Except it wasn’t one reason. It was over 150.
The Secret She Was Hiding: A Group Of Eggs
This octopus wasn’t recuperating after an undersea battle or injured from illness.
She was guarding a group of eggs that had grown over her observation, becoming more visible as time passed.
She Was Protecting Her Babies
The transparent eggs allowed the researchers to see tiny baby octopuses growing inside.
Her tentacles were curled around the eggs, keeping them safe from predators. She was so determined to protect the eggs that she hadn’t moved for years.
An Octopus With A Lot Of Heart
Perhaps there is a reason for her fierce determination to protect her babies.
Octopuses have three hearts, mainly because octopuses live in cold, low-oxygen environments. Each heart plays a different role in ensuring the animal has enough oxygenated blood.

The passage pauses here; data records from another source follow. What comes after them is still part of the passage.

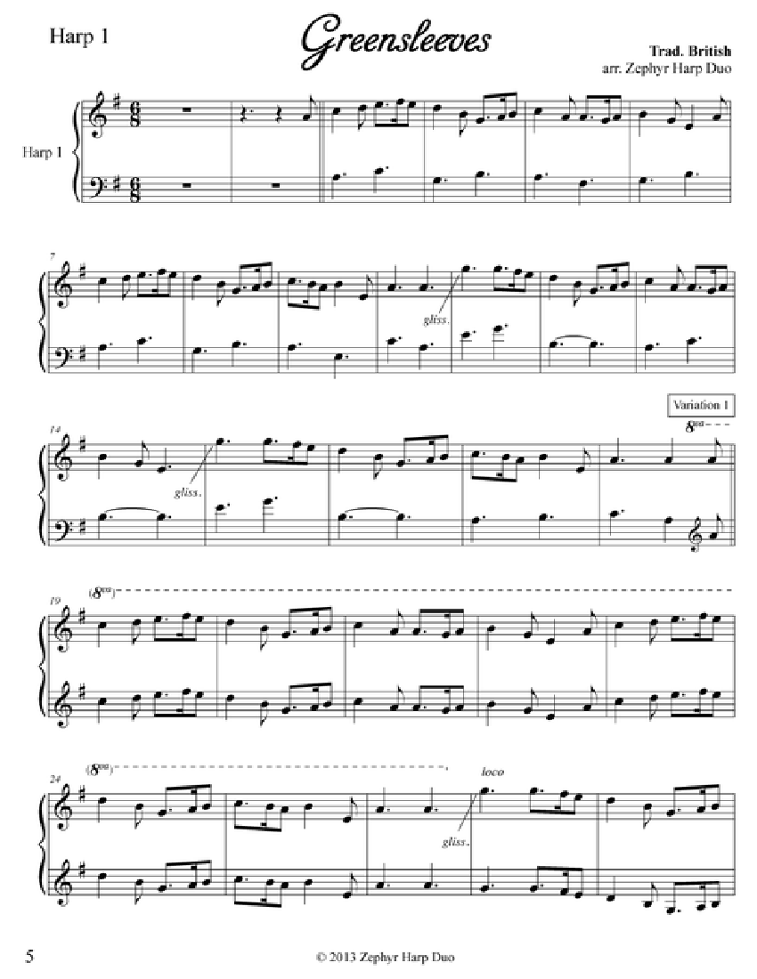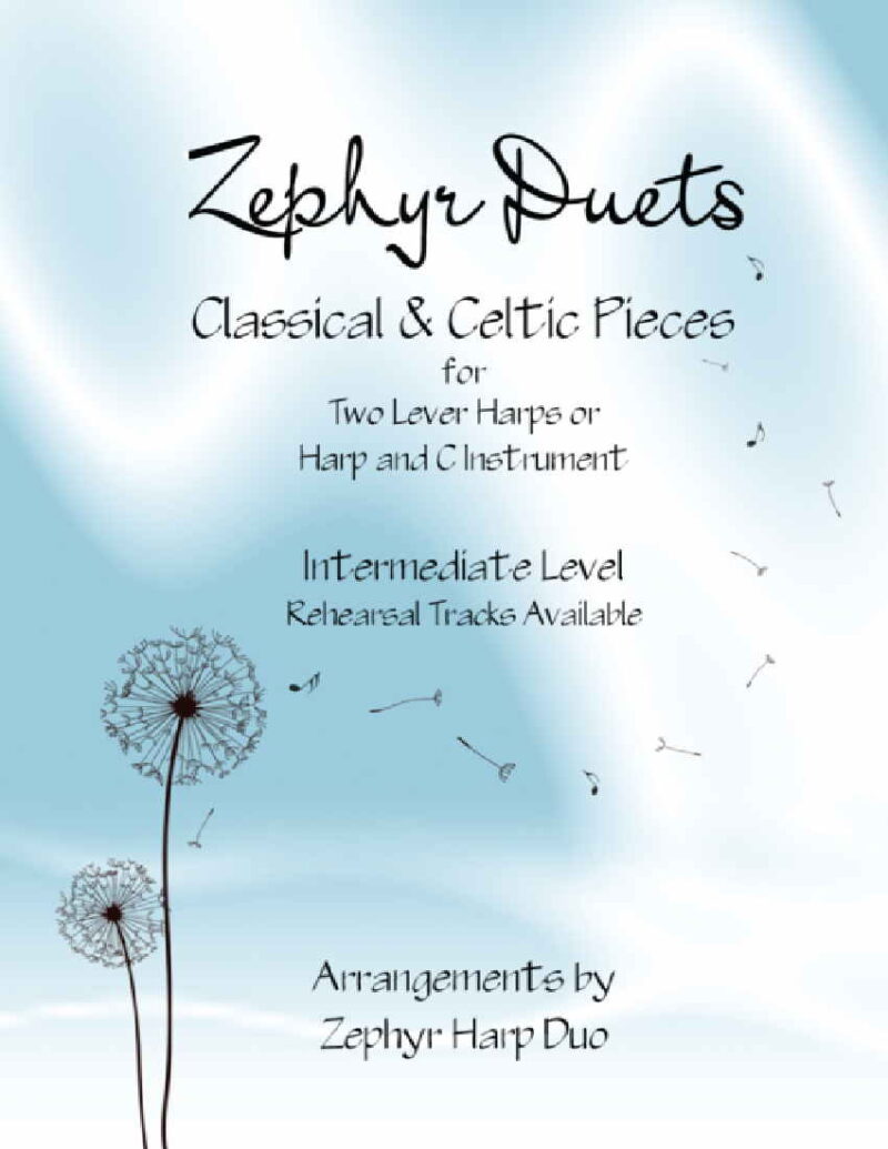 This is a book of duets arranged by the Zephyr Harp Duo for two lever harps or harp and C instrument. The collection of seven Classical and Celtic Pieces at the Intermediate Level are duets from the duo’s general repertoire. Rehearsal tracks for both Harp 1 and Harp 2 are included with this purchase as MP3s.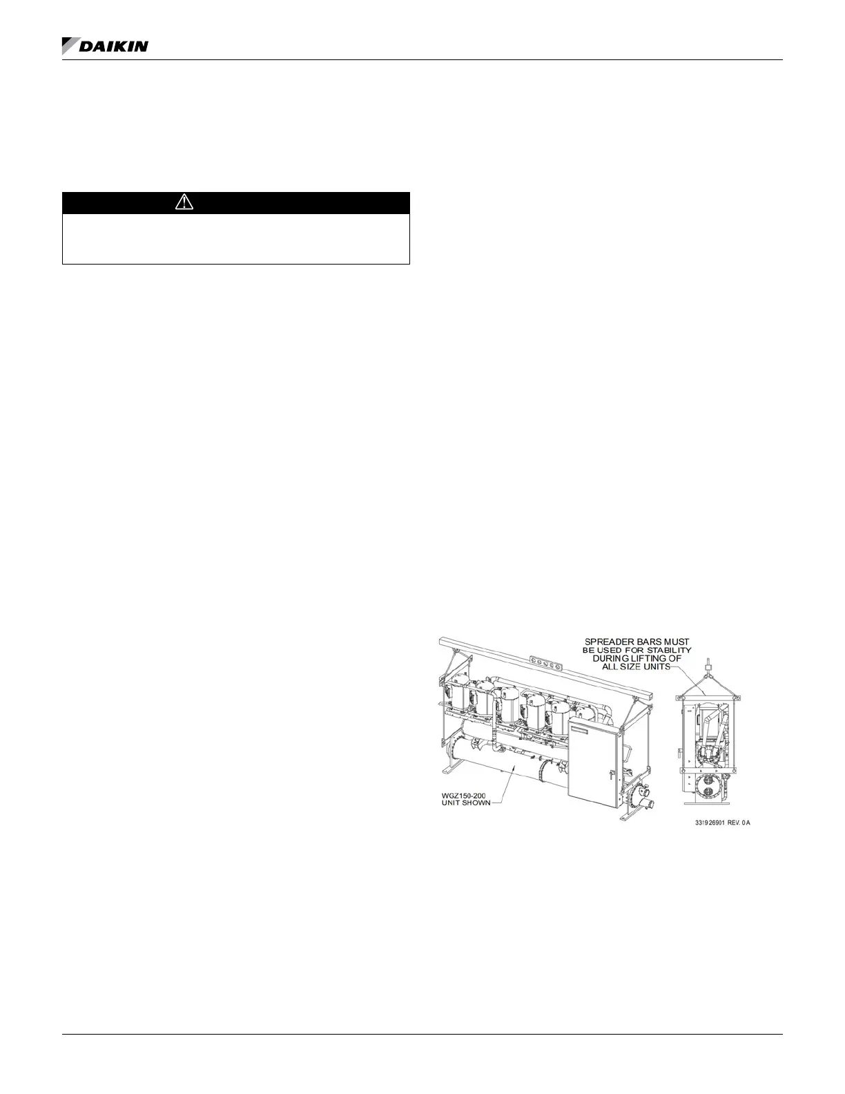 the truck or rollers. Improper rigging, lifting, or moving of a unit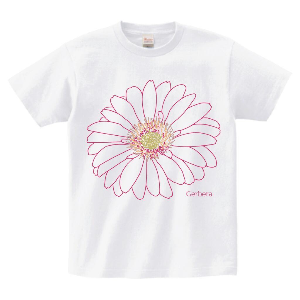 ガーベラをモチーフにした、線画デザインのTシャツです。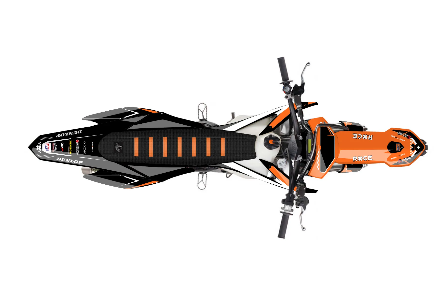 «Leak» — готовый комплект графики серии Staple для KTM MX Graphic Kit KTM SX-F 250 2015. В комплекте: графика на бак и боковые облицовки, крылья (переднее и заднее), передний щиток, номерные таблички, защита вилки. Материал: ПВХ-винил 80 мкр с холодной ламинацией 300 мкр, общая толщина 380 мкр; покрытие глянцевое или матовое на выбор. Устойчив к UV-излучению, воде, бензину и мойке высокого давления. Клей акриловый на сольвентной основе — постоянный, для гибких пластиков. На простых поверхностях монтируется без нагрева; для сложных изгибов рекомендуем фен. Этот пресет можно заказать как есть или взять за основу в конструкторе: поменять цвета, добавить стартовый номер и свой бренд. Производство — 3–5 рабочих дней, доставка по России СДЭКом или Почтой, по СНГ — курьерскими службами.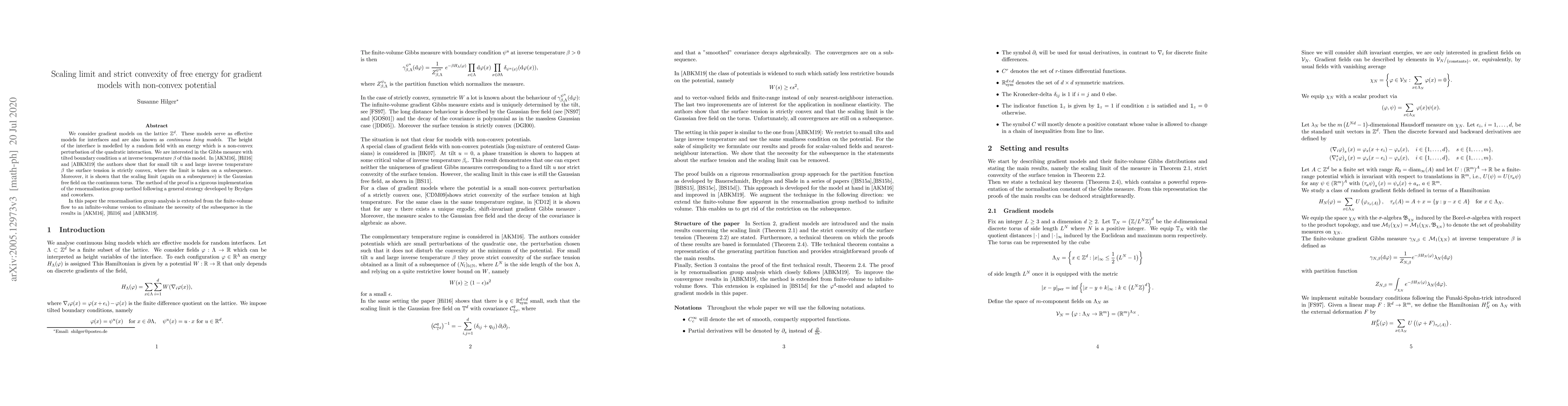 We consider gradient models on the lattice $\mathbb{Z}^d$. These models serve as effective models for interfaces and are also known as continuous Ising models. The height of the interface is modelled by a random field with an energy which is a non-convex perturbation of the quadratic interaction. We are interested in the Gibbs measure with tilted boundary condition $u$ at inverse temperature $\beta$ of this model. In [AKM16], [Hil16] and [ABKM19] the authors show that for small tilt $u$ and large inverse temperature $\beta$ the surface tension is strictly convex, where the limit is taken on a subsequence. Moreover, it is shown that the scaling limit (again on a subsequence) is the Gaussian free field on the continuum torus. The method of the proof is a rigorous implementation of the renormalisation group method following a general strategy developed by Brydges and coworkers. In this paper the renormalisation group analysis is extended from the finite-volume flow to an infinite-volume version to eliminate the necessity of the subsequence in the results in [AKM16], [Hil16] and [ABKM19].
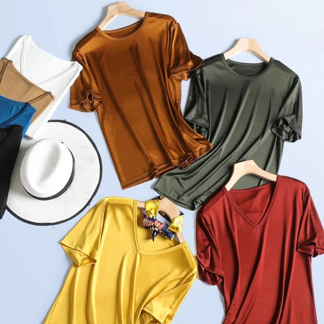100 % ORGANIC MULBERRY SILK TRI-ACETATE WRINKLE FREE V NECK TEE - WHITE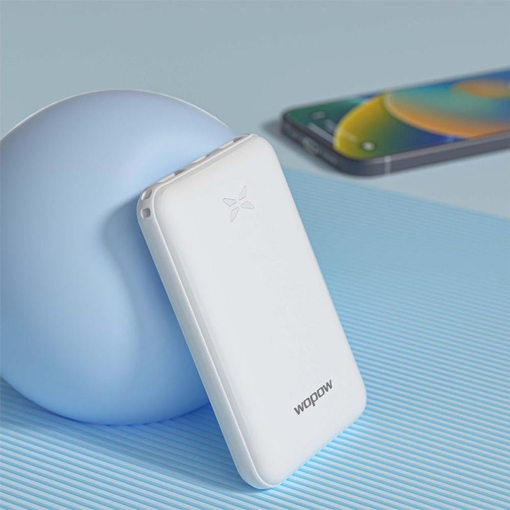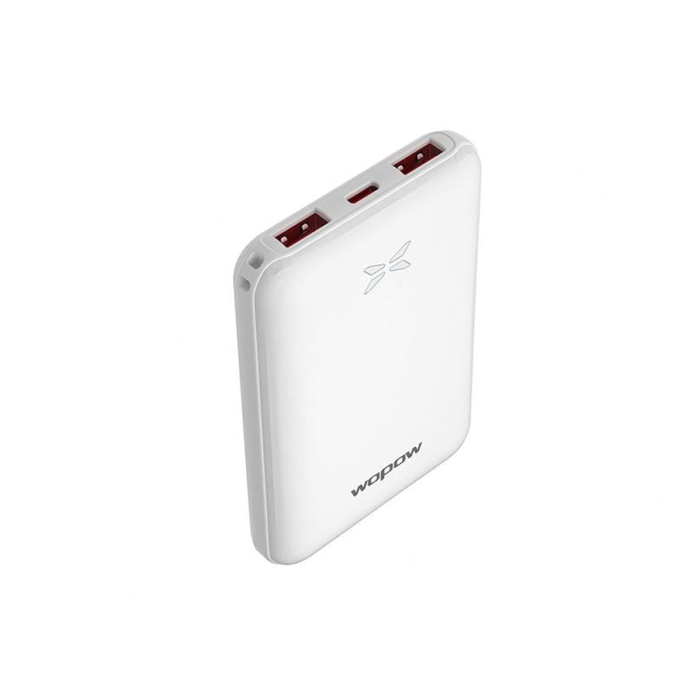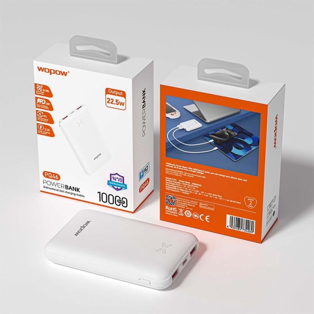 شاحن متنقل PQ46 باللون الأبيض .بمنفذين USB A ومنفذ Type-C لشحن الهواتف الذكية.وتستطيع اعادة شحن البطارية المتنقلة عن طريق منفذ الـ Type.-C.مسموح حملها بالطائرة.تتميز بتقنية PD وبقوة 22.5 واط لشحن الآي...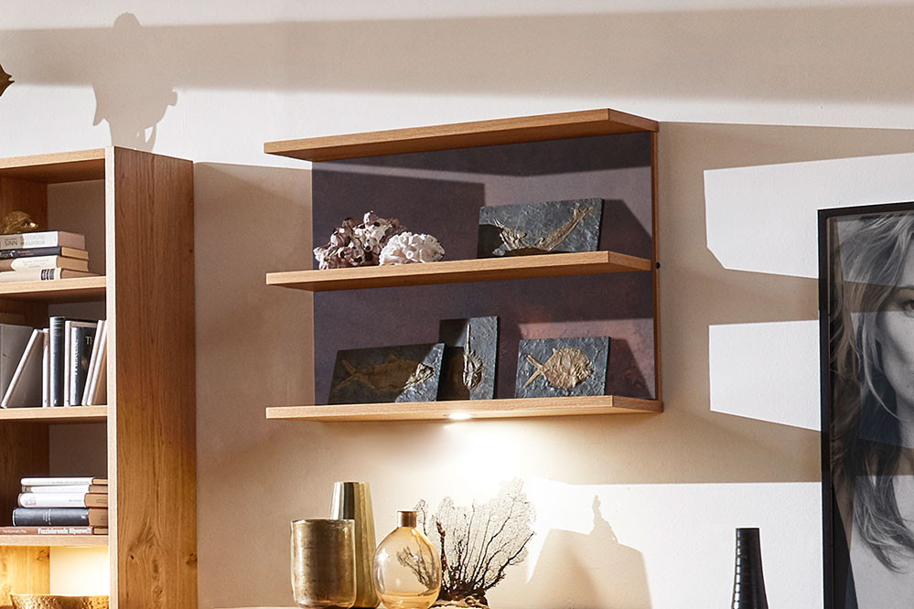 Ein Möbel, das nicht nur Raum nutzt, sondern Atmosphäre erschafft: Das Hängeregal aus der Kollekion Selecto-Living von Schösswender ist eine stilvolle Komposition aus markantem Metall und sinnlich warmen Holz – ein Statement für eine anspruchsvolle Wohnkultur. Die Rückwand wurde aus Metall in edler Rostoptik gefertigt und verleiht dem Solisten eine ausdrucksstarke Tiefe. Drei Ablageböden aus massiver Wildeiche, deren charaktervolle Maserung im barrique geölten Finish eine intensive, beinahe samtige Farbigkeit entfaltet, schaffen Raum für Ihre Lieblingsstücke, Designobjekte oder Bücher, die Ihre Wohnwelt veredeln und Ihre Individualität unterstreichen. Als Teil einer umfangreichen Schösswender-Kollektion lässt sich das Regal mit zusätzlichen Einzelmöbeln flexibel erweitern, um das harmonische und luxuriöse Gesamtbild zu vollenden. Schauen Sie hierfür in den hinterlegten Möbelplaner oder in die Rubrik „Alle Artikel aus der Serie“ und gestalten Sie sich Ihr individuelles Möbelensemble. Mit den Möbeln von Schösswender erleben Sie ein ein neues Wohngefühl.
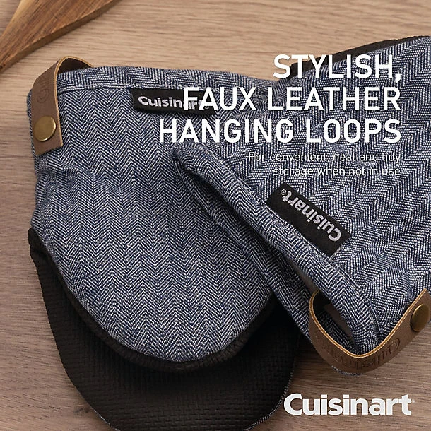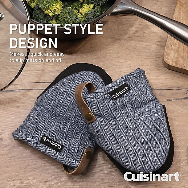 2 Cuisinart Neoprene Mini Oven Mitts Herringbone Blue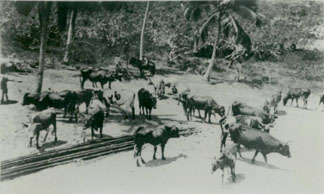 Juan Trucco en su hacienda junto a su ganado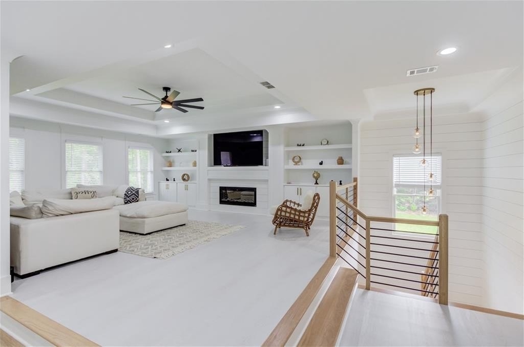 Exquisite European-inspired luxury residence, gracefully situated on a private .73-acre lot in the sought-after New Hope Landing community-a true hidden gem and one of the few newly constructed neighborhoods with no HOA. Thoughtfully designed for long-term living, this home offers two primary suites and two laundry rooms, making it ideal for growing households or multi-generational living. Step onto the inviting front porch and into a grand entrance foyer that immediately sets the tone for the home's refined elegance. The open-concept main level features gleaming marble floors and an expansive layout perfectly suited for both everyday living and effortless entertaining. At the heart of the home, the chef-inspired kitchen impresses with an oversized island, abundant cabinetry, a walk-in pantry, and seamless flow into the spacious living area. Sunlight pours through the home, highlighting the thoughtful design and upscale finishes throughout. The main level offers a private primary suite with a full bath and nearby laundry room-ideal for guests or extended family. Upstairs, retreat to the luxurious owner's suite, complete with a fireplace, spa-inspired bath, and custom his-and-hers walk-in closets with a center island. A spacious loft provides flexible living space for relaxation, work, or entertainment, while a second laundry room adds everyday convenience. Outdoor living truly shines with a covered patio and fireplace overlooking the expansive, manicured backyard-perfect for hosting gatherings or enjoying peaceful evenings in your own private retreat. Additional highlights include a three-car garage with EV charger, a private office or flex room, and thoughtful storage throughout. Ideally located just minutes from Downtown Lawrenceville, enjoy easy access to premier dining, entertainment, and local charm. A nature lover's dream, the home is within walking distance of a 700-acre park featuring two scenic lakes for fishing and boating, tree-lined paved and soft-surface trails for walking, running, and cycling, as well as opportunities for hiking, mountain biking, horseback riding, waterfalls, and an outdoor amphitheater-offering a lifestyle where luxury meets nature.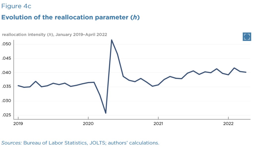 圖 4c 顯示,撇開疫情時的急劇下降和復甦,與 2019 年的平均水平 0.36 相比,再分配已經穩定在更高的水平 0.40。再分配效應我們可以理解為摩擦性失業,它當然會推高自然失業率水平。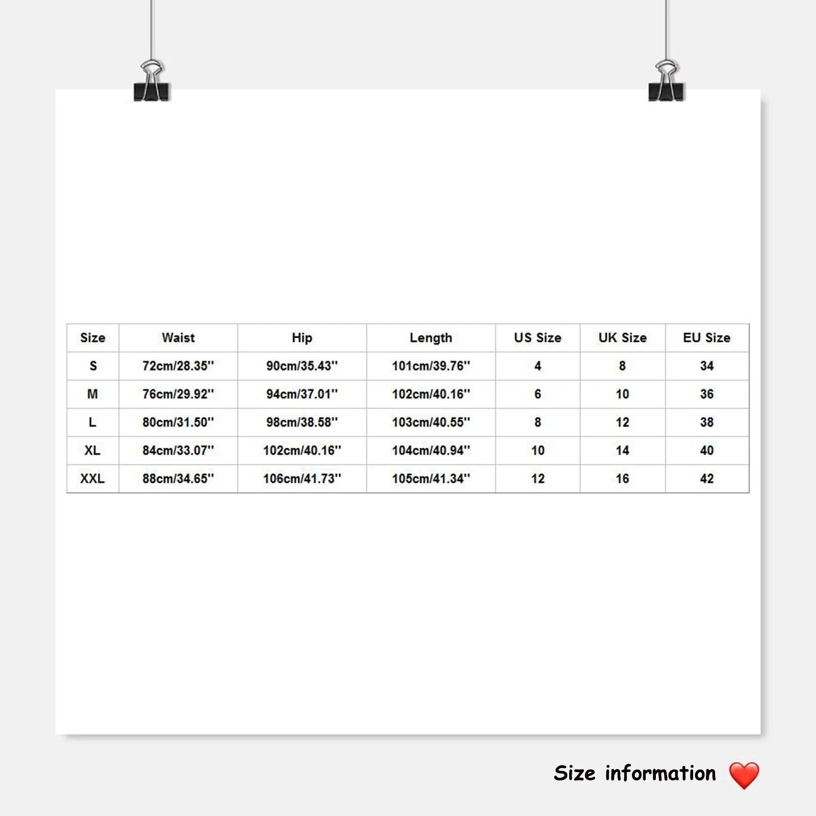 | Size:XL | Waist:84cm/33.07'' | Hip:102cm/40.16'' | Length:104cm/40.94'' | US Size:10 | UK Size:14 | EU Size:40 |

She Used All Her Brain-Power To Protect Her Babies
Octopuses also have nine brains aside from a central brain in the head. Each tentacle has a mini-brain, allowing it to act independently of the body.
But this octopus was solely focused on protecting her babies.
The Dedication Of Octopus Mothers
MBARI researchers made 18 trips to observe the octopus over the course of four and a half years.
Throughout that time, octopuses observed another curious behavior that proves the dedication of female octopuses.
She Still Appeared Ill
While the octopus was sitting on the ledge, she appeared to grow skinnier. Her skin also appeared loose and pale.
When crabs and shrimp would swim by, she completely ignored them.
A Dedicated Mother
The mother octopus starved for four and a half years to preserve her eggs.
The researchers couldn’t believe it, and it was one of the longest brooding periods recorded for any animal.
One Of The Longest Brooding Periods
This octopus was a Graneledone boreopacifica known for living in deep, cold water, requiring longer brooding periods than average.
Mother octopuses must seal the eggs in fresh oxygenated water with her body. When born, they are fully able to hunt and are much larger than any other hatchling species of octopus or squid.
No One Saw Her Again
The last time researchers spotted the octopus was in 2011 when the researchers observed empty egg capsules with the mother gone.
They counted 160 empty capsules. While the mother’s whereabouts are unknown, she likely passed away shortly after witnessing the birth of her many children.